There are men and women who have left their marks on the world; whose deeds have changed lives and shaped history. Their legacies were felt and are still being felt today, such was the impact they made in various fields from civil rights to social reform to politics. But more than just leave legacies behind, they also lived lives that made them ideal for the silver screen. The force of their personalities, their struggles and their achievements have been captured on film – not just once but multiple times, because each and every portrayal presents a different yet complementary depiction of the character. And through these films, our understanding and appreciation of these legends become stronger.

The Man Who Freed AmericaAbraham Lincoln

Daniel Day-Lewis in his Oscar-winning performance as Abraham Lincoln in Lincoln.

Heralded as America’s greatest President, Abraham Lincoln’s legacy can be found in the current occupant of the same office which Lincoln held from 1861 to 1865. The historic moment in November 2008, when Barack Obama became the first African-American to be elected President of the United States, could not have happened were it not for the first step taken by Lincoln nearly 150 years before when he freed the slaves and set the ball rolling for Black Americans to enjoy the same rights as their white counterparts.

Even if he had only been President without fighting (and winning) the Civil War and freeing the slaves, Lincoln’s story would still be Hollywood material. He was the quintessential personification of the American Dream – born in a Kentucky log cabin, lost his mother at a young age, grew up in poverty, taught himself how to read and write and eventually became a famous trial lawyer before successfully running for the Presidency.

And Hollywood does indeed love the 16th President of the United States of America. In fact, Honest Abe (as Lincoln was nicknamed) has been portrayed in over 130 feature films, more than any other occupant of the Oval Office. Unsurprisingly, many of these depictions were of him as President during the Civil War although there have been a few rather outlandish plots including Lincoln as a zombie hunter or as a vampire killer.

Portrayals of a Lincoln as a young man however are far and few between. Perhaps the best known movie which does so is the aptly titled 1939 film Young Mr Lincoln. Starring Henry Fonda in the titular role, this movie showed Lincoln as a young lawyer fighting his first big case where he defends two brothers charged with murder.

Fonda’s portrayal won praise from The New York Times which noted his “warmth and kindliness, the pleasant modesty, the courage, resolution, tenderness, shrewdness and wit that Lincoln, even young Mr. Lincoln, must have possessed. His performance kindles the film, makes it a moving unity, at once gentle and quizzically comic.”

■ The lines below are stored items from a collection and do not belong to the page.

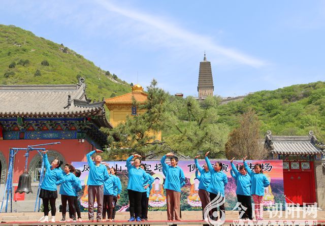 上午九時三十分,應廣大信眾請求,5月1日在鳳凰山祈福園演出過的《佛頌》專場文藝節(jié)目,再度出現(xiàn)在佛寶塔所在的下寺廣場上,而且新加進了兩個別具特色的手語舞節(jié)目——《生命之河》、《中華民族》。演出者來自遼寧省北票市中華傳統(tǒng)文化教育研討會,演員歲數(shù)最大的78歲,最小的只有8歲。
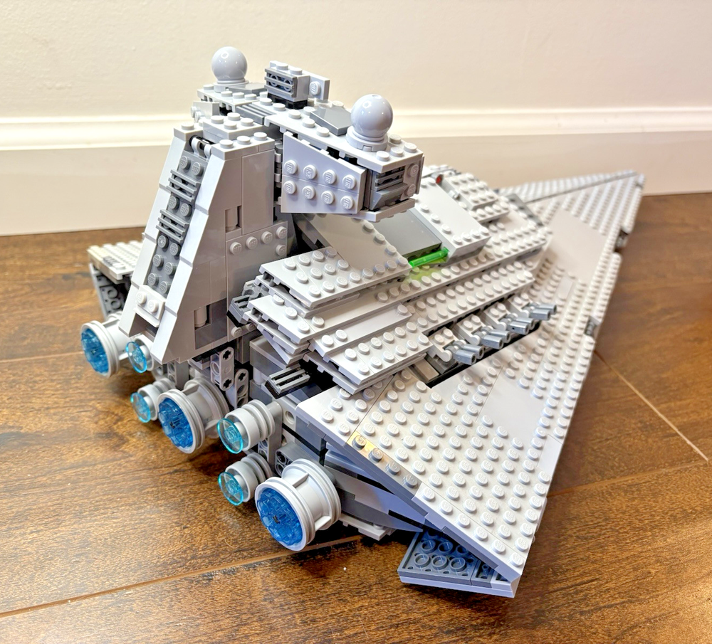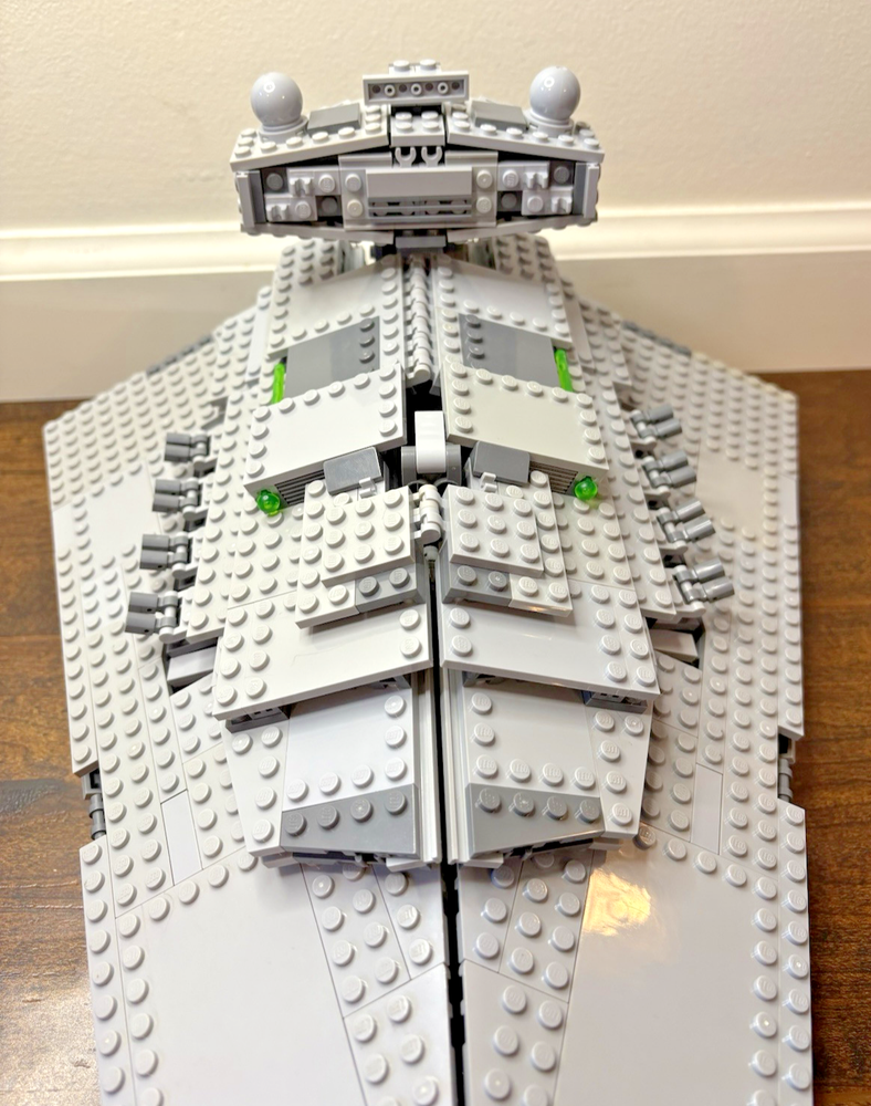 LEGO Star Wars: Imperial Star Destroyer (75055) - 99% Complete The ship build is complete but is missing most stickers. Some stickered pieces are included. Does not include minifigures or their accessories/weapons. Includes part of the mouse droid (the brick has studs on each side instead of only on 2 sides). Includes the trans-light blue Emperor Palpatine Hologram statue. Disassembled for shipping. No box, no manual. Sets that are pre-owned may contain light play wear. Minor imperfections include minor yellowing, light scratches, rubs, marks, or print issues.
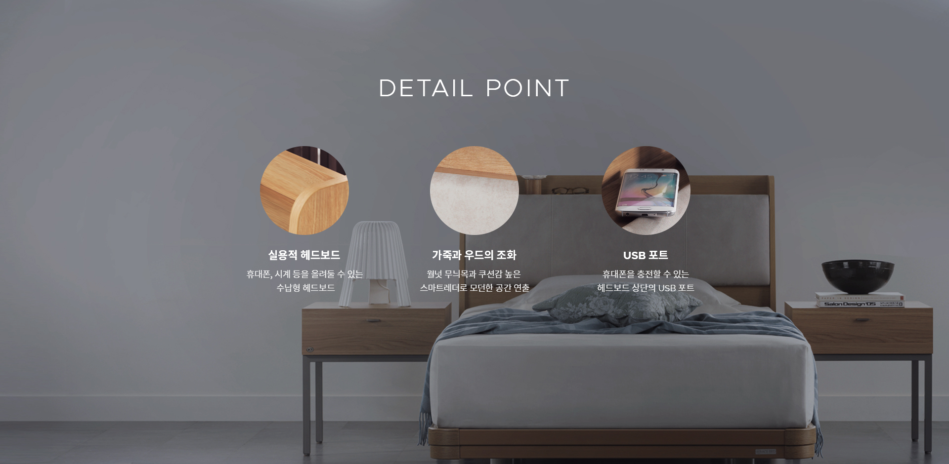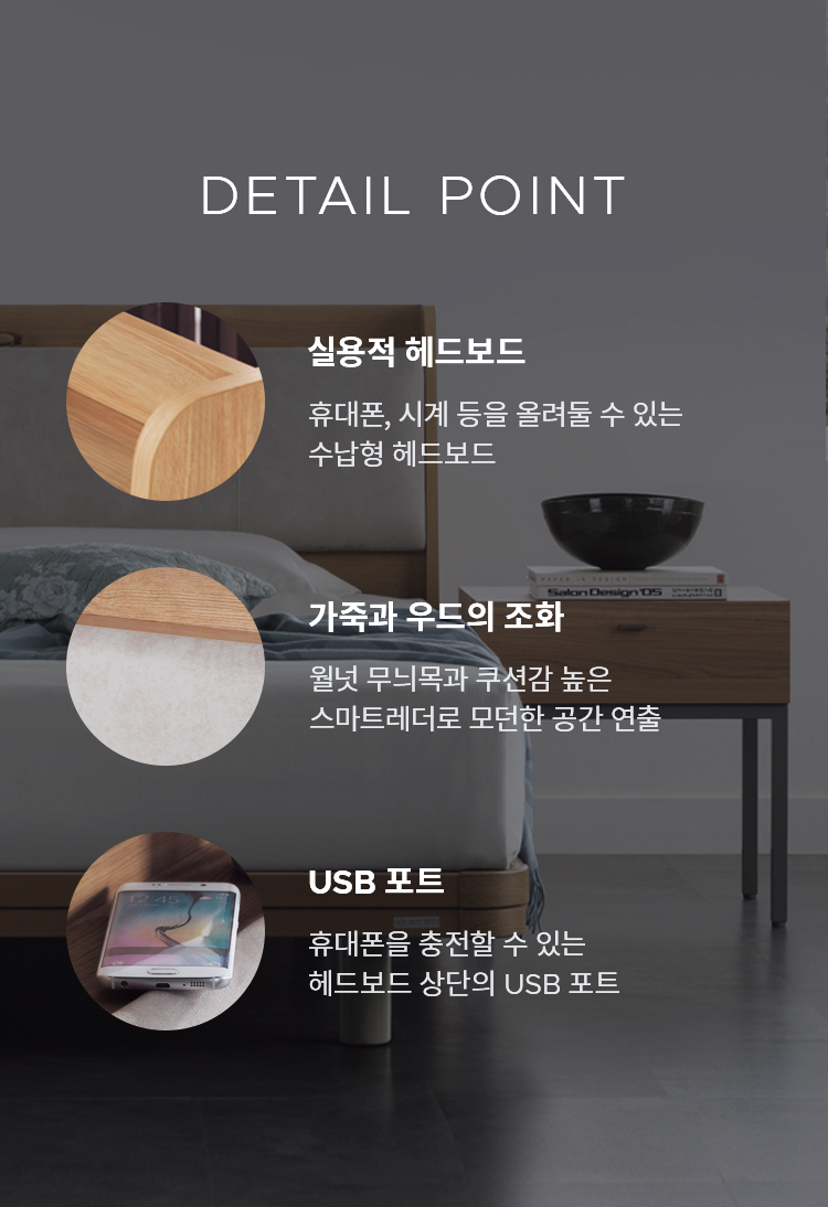 내추럴 오크 컬러 우드에 실용성을 더한 수납기능과 라이트그레이 스마트레더 쿠션의 적용으로 안락한 느낌을 동시에 연출 할 수 있습니다.

Coupled with the uncanny physical resemblance between actor and subject, Fonda was a natural as Lincoln and the movie has been immortalised after being added to the National Film Registry of the Library of Congress for being “culturally, historically, or aesthetically significant”.

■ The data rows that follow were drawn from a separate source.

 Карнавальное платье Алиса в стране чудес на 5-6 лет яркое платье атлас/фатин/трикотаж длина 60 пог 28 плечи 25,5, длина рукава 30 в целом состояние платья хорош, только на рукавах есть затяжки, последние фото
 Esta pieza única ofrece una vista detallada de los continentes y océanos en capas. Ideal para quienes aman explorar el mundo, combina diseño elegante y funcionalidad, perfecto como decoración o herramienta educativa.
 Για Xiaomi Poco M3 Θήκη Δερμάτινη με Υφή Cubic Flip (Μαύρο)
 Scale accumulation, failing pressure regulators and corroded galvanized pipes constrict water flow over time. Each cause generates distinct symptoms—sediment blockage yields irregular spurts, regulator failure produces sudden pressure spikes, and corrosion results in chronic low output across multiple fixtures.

Closer to the present, the 2012 film Lincoln with Daniel Day-Lewis as the protagonist, showcases the American President in the final four months of his life. Day- Lewis, an accomplished Method actor himself, won an Academy Award for his performance of Lincoln in the closing weeks of the Civil War, his fight to get the 13th Amendment abolishing slavery passed and the events leading up to his assassination.

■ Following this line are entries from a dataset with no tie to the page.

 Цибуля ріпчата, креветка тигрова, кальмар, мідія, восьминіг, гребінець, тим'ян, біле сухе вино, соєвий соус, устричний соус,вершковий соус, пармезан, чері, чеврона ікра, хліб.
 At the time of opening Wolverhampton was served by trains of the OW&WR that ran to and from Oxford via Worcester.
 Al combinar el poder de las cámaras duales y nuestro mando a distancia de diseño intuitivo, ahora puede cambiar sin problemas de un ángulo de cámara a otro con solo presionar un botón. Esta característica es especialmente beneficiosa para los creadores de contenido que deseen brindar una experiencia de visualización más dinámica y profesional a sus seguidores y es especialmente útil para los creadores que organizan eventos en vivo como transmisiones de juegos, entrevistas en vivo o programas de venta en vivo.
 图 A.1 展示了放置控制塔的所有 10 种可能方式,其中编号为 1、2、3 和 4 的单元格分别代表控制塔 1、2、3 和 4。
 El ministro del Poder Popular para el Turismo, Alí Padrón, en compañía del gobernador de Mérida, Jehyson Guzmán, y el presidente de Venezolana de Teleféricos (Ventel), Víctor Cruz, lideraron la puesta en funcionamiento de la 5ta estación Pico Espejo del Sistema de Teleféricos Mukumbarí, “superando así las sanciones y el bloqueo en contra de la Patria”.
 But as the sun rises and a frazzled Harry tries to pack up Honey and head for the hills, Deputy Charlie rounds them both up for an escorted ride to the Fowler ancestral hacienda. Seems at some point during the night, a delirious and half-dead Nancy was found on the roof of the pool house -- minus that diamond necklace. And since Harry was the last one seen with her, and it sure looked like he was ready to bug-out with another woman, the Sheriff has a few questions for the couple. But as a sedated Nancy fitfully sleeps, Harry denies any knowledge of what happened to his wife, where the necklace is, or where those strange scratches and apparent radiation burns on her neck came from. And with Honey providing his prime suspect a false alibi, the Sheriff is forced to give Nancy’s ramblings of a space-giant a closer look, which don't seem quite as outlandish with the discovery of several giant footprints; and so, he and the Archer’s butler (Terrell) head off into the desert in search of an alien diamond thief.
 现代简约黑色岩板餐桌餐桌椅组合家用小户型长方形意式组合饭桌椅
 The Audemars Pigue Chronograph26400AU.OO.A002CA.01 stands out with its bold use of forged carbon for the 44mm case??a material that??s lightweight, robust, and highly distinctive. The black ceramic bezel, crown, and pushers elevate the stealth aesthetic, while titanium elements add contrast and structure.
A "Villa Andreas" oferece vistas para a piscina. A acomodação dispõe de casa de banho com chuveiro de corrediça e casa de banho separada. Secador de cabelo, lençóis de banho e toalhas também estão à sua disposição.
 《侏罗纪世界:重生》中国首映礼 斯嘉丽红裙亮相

The Method, which demands total immersion into the character, is physically and emotionally demanding. So it was for Daniel Day-Lewis too, but the results were stunning. To quote producer Kathleen Kennedy, “Every day you get the chills thinking that Lincoln is sitting there right in front of you.

New York Times critic A.O. Scott echoed that sentiment in his review where he wrote, “The experience of watching Daniel Day-Lewis in this role is nothing less than thrilling. This is Lincoln… There are entire stretches in Lincoln, especially in the Cabinet scenes, as you hear the complexity of his legal and strategic thinking that you might very well forget you’re seeing acting – even forget you’re in a movie theater – and instead believe that you’re sitting in a room with the 16th President. To be on the receiving end of that is more than entertainment. It feels like a gift.”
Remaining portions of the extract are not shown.